Yup. I’ve had this discussion many times and part of the preference for linear (or even logistic) models by all stakeholders (including statisticians) is that they are less familiar/comfortable with ordinal models, including the assumptions behind them.

This takes us back to the original point of this discussion, i.e., that clinical researchers are hesitant to use ordinal outcomes in COVID-19 trials. I am actually actively using the example of COVID-19 trials focusing on ordinal outcomes as justification to start applying such models more in oncology.

1 Like

Those are good points. But regarding the paper, they are discussing analysis of outcomes that are already ordinal.


I agree but the counterargument from their side is that these PRO scores are sums of ordinal scales that can be treated as interval. An underlying assumption here is that the ordinal vs interval debate in this situation is trivial. I think that treating PRO scores as interval causes more trouble than it is worth but those who advocate for linear models would beg to differ.

It would be nice to see some of the distributions, to check for absence of floor effects, ceiling effects, bimodality, heavy tails, etc. On the other hand why take a risk by still using parametric methods when the semiparametric methods are so powerful?


in the jama paper you tweeted (hydroxychloroquine RCT) it says they used simulations for power. Have you used simulations to see how floor effects, bimodality, non-PO etc affect power? And why simulations, ie is it not possible to just use these equations?: Size and power estimation for the Wilcoxon–Mann–Whitney test for ordered categorical data

I think a better place to seek that is one of the papers that studied what goes wrong when you use linear models to analyze ordinal data.

I agree but the counterargument from their side is that these PRO scores are sums of ordinal scales that can be treated as interval.

This is a common assumption in psychometrics, but I’ve never been able to find any rigorous mathematical argument in favor of it.

On the contrary, much like the literature on “significance” testing vs. p values as surprise measures, there is a debate within social science on whether it is permissible to treat ordinal data as interval.

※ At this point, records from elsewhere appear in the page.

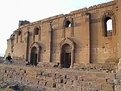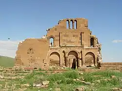 The building, with three aisles, structured with thick lateral walls, is one of the biggest Armenian churches of the period.[11] With arcades on the north, west and south sides, two little chapels near the apse and two absidal niches at the end of the lateral arcades, the basilica in origin could be covered wooden trusses. The north-east chapel keeps the most part of two superimposed vaults which the superior is inclined (taller near the nave).[12]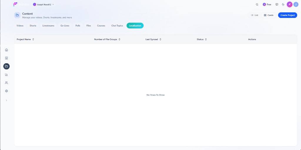 In the left navigation, go to Content, then open the Localization tab. You’ll see a table of your existing projects (if any) with columns: Project Name, Number of File Groups, Last Synced, Status, and Actions. You can switch between List and Cards view. Click Create Project to start a new project.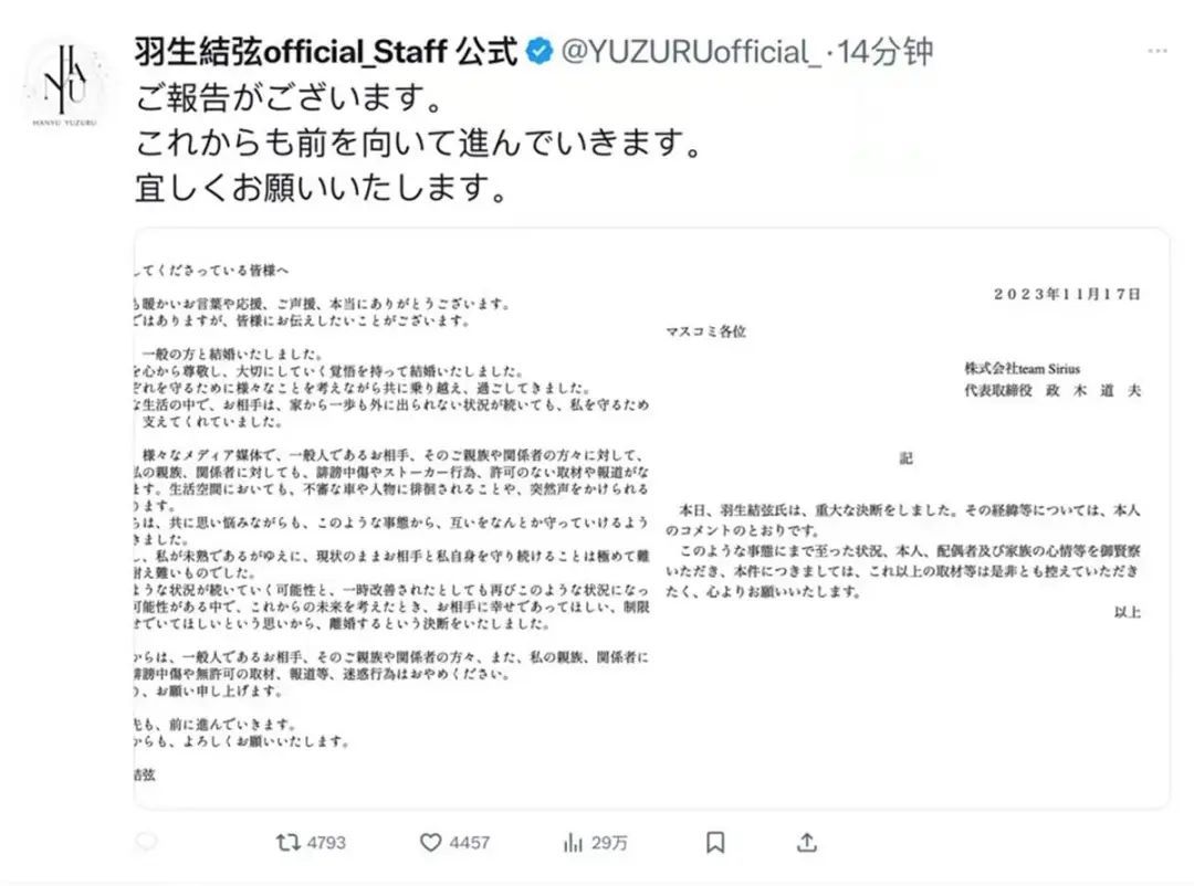 2023年11月17日晚,日本花滑名将、两届冬奥会花滑男单冠军羽生结弦,在其官方社交媒体发布公开声明,宣布离婚。2023年8月4日,羽生结弦曾突然公开宣布结婚,引发全球网络热议。
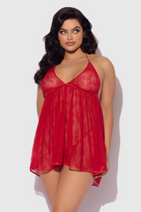 Embrace allure with the Kiki Lace Drop Off Plus Size Babydoll Set, designed to captivate. This striking cherry red sheer lace plus size babydoll features delicate triangle cups, a halter tie neckline accentuating the décolletage, and an open back framed by faux leather trim. The flowing lace drapes elegantly, revealing subtle hints of skin with every movement. Paired with a matching g-string, this set balances provocative style with refined sophistication. Perfect for intimate evenings or moments of self-expression, it invites you to celebrate your bold, confident essence.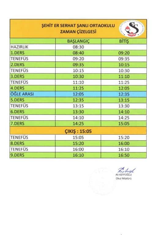 2025-2026 Eğitim Öğretim Yılı Zaman Çizelgemiz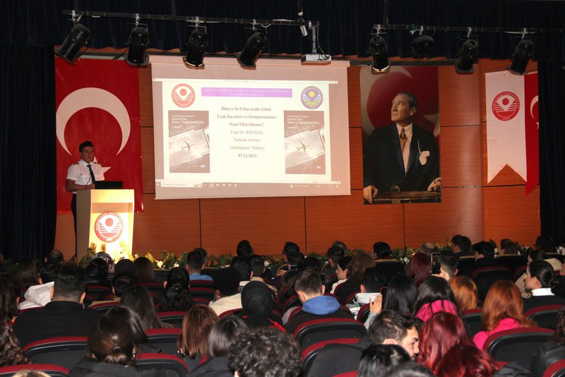 Kelkit Aydın Doğan Meslek Yüksek Okulu Ulaştırma Hizmetleri Bölümü ve Uygulamalı Bilimler Yüksek Okulu Havacılık Yönetimi Bölümünün ortaklaşa yaptığı “7 Aralık Dünya Sivil Havacılık Günü Söyleşisi ve Kitap Tanıtımı” programı 07.12.2022 tarihinde KADMYO Konferans salonunda yapılan programla başlamıştır.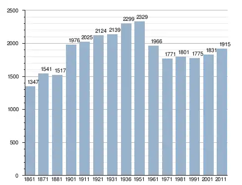 في سنة 1861 بلغ عدد السكان 1٬347 نسمة، وتطور العدد ليصل في سنة 2011 لـ 1٬915 نسمة.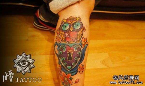 腿部帅气潮流的猫头鹰纹身图案
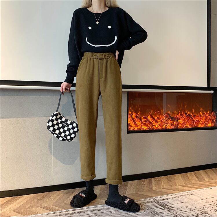 パンツ スタイルベルベットコーデュロイハイウェストウェスト ウィンター 冬物 1号婦人46736822699

Representational measurement theory would advise analysis that takes into account only the order properties when spacing cannot be verified as equal at all points of the scale.

Joel Mitchell (a mathematical psychologist) as written numerous papers on this issue and considers psychometrics a “pathological science” because of it.

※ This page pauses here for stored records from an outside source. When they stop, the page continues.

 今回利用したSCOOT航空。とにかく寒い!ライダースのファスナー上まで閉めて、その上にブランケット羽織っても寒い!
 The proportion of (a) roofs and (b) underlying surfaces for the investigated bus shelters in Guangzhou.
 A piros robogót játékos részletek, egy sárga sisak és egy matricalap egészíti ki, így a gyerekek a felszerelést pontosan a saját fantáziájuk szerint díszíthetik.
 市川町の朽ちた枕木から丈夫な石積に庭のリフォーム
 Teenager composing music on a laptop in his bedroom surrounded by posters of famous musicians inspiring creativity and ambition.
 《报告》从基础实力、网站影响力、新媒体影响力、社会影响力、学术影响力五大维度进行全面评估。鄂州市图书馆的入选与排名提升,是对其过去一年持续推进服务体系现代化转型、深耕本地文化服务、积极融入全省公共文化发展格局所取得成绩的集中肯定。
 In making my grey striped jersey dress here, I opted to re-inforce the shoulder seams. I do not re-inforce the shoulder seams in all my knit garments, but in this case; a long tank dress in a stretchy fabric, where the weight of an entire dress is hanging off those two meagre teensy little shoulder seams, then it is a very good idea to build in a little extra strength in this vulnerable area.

Michell J. Normal Science, Pathological Science and Psychometrics. Theory & Psychology. 2000;10(5):639-667. doi:10.1177/0959354300105004

The consequences of treating these ordinal scales as interval has been explored in this paper:

After reading this, I’ve come to the unfortunate conclusion that parametric analysis of PRO measures at the individual study level makes any synthesis or meta-analysis (without access to individual data) unreliable.

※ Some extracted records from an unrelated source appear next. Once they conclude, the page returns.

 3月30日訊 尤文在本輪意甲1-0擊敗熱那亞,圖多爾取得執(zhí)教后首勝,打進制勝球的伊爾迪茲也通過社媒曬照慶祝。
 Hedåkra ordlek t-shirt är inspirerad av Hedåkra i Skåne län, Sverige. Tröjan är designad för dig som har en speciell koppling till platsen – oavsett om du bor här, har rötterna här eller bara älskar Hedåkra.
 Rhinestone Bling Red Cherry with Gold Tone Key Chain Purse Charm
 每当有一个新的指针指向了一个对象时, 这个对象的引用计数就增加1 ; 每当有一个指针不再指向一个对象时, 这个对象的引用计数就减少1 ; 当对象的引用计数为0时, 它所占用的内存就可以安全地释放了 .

If researchers would simply use ordinal methods at the individual study level, then meta-analysis could be a useful tool. The methods recommended by @f2harrell seem correct if the goal is to learn at both the individual level, and to aggregate studies via meta-analysis.


It sounds as if Medicine’s mantra of “continuous learning” needs to be brought somehow to Statistics.




The discussion is quite interesting.


they dont know what ‘multivariate’ means. Also, wondering why they would do meta-analysis, i hope that doesnt become some new standard

Individual patient meta-analysis may have a role but I’d rather label it is “efficient analysis of studies with available individual level data, accounting for study heterogeneity”.

1 Like

These indeed are very interesting outputs. However, I haven’t found any recent RCT reporting such statements. Would you please have any reference?